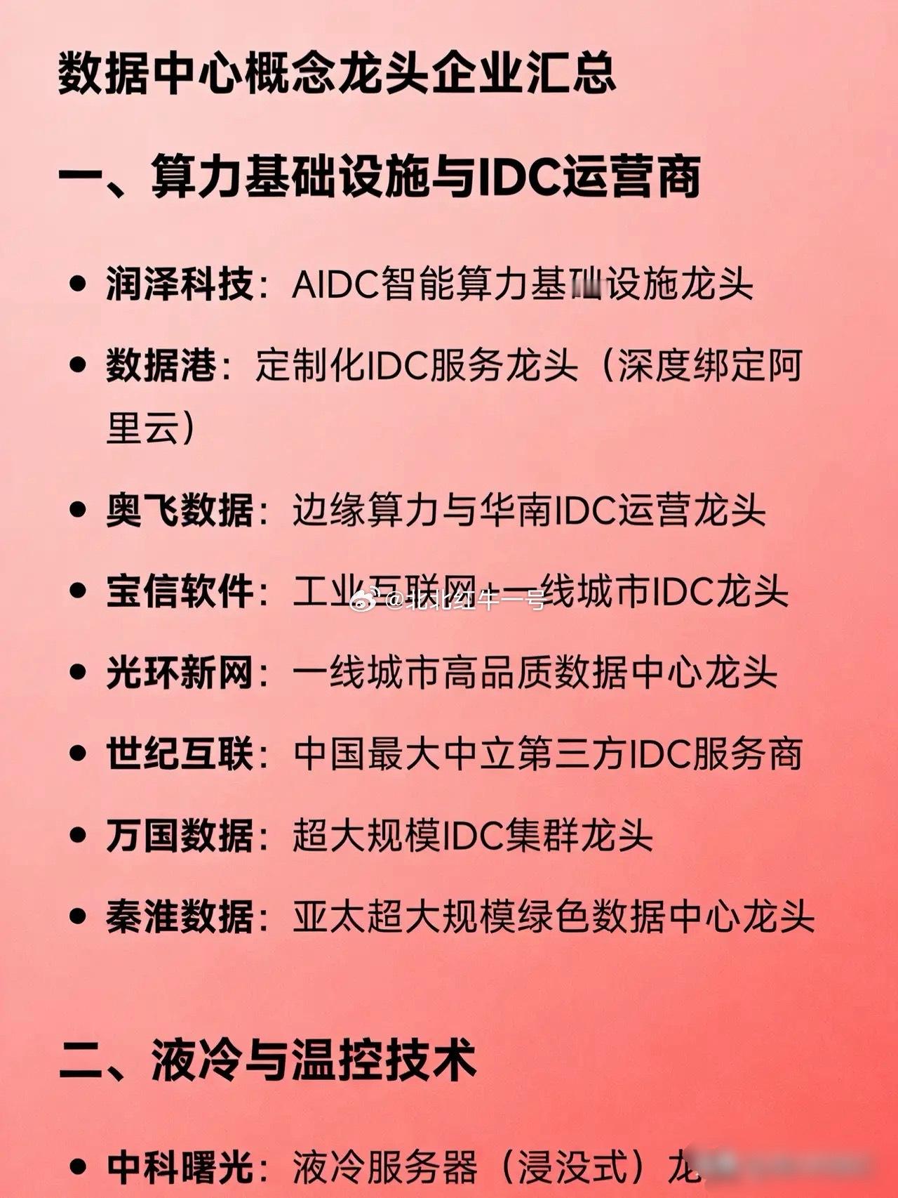 数据中心概念龙头企业汇总
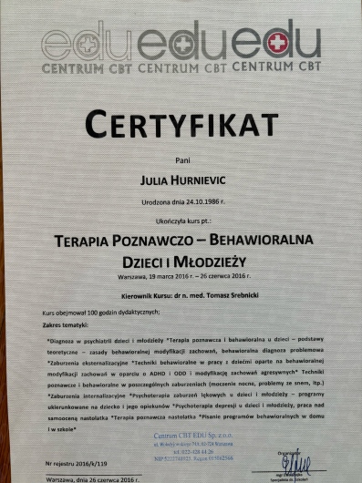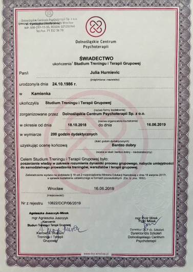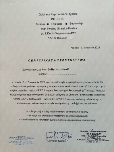 Stale rozwijam swoje kompetencje, uczestnicząc w konferencjach i szkoleniach, a swoją pracę poddaję regularnej superwizji, by zapewnić moim pacjentom pomoc na najwyższym poziomie w atmosferze bezpieczeństwa, szacunku i autentycznego kontaktu.
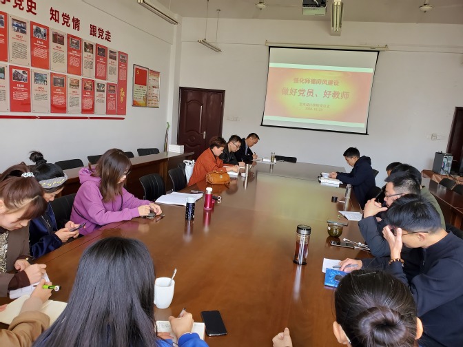为了深入学习贯彻习近平新时代中国特色社会主义思想,严格执行党的组织生活制度,丰富党员教育,建强党员教育师资队伍。2020年10月23日,艺术设计学院教工党支部开展党课教育活动,全体党员参加了会议。艺术设计学院教工支部书记刘青同志主持了会议,党总支书记李道亮围绕践行师德师风,提高党员宗旨意识,提升自我修养,作了“加强师德师风建设,做好党员好教师”主题党课。

################

What you are asked to do:
Restate the material above word for word, so that nothing changes except that the pictures are gone.

Exercise output:
 数据中心概念龙头企业汇总
 Stale rozwijam swoje kompetencje, uczestnicząc w konferencjach i szkoleniach, a swoją pracę poddaję regularnej superwizji, by zapewnić moim pacjentom pomoc na najwyższym poziomie w atmosferze bezpieczeństwa, szacunku i autentycznego kontaktu.
为了深入学习贯彻习近平新时代中国特色社会主义思想,严格执行党的组织生活制度,丰富党员教育,建强党员教育师资队伍。2020年10月23日,艺术设计学院教工党支部开展党课教育活动,全体党员参加了会议。艺术设计学院教工支部书记刘青同志主持了会议,党总支书记李道亮围绕践行师德师风,提高党员宗旨意识,提升自我修养,作了“加强师德师风建设,做好党员好教师”主题党课。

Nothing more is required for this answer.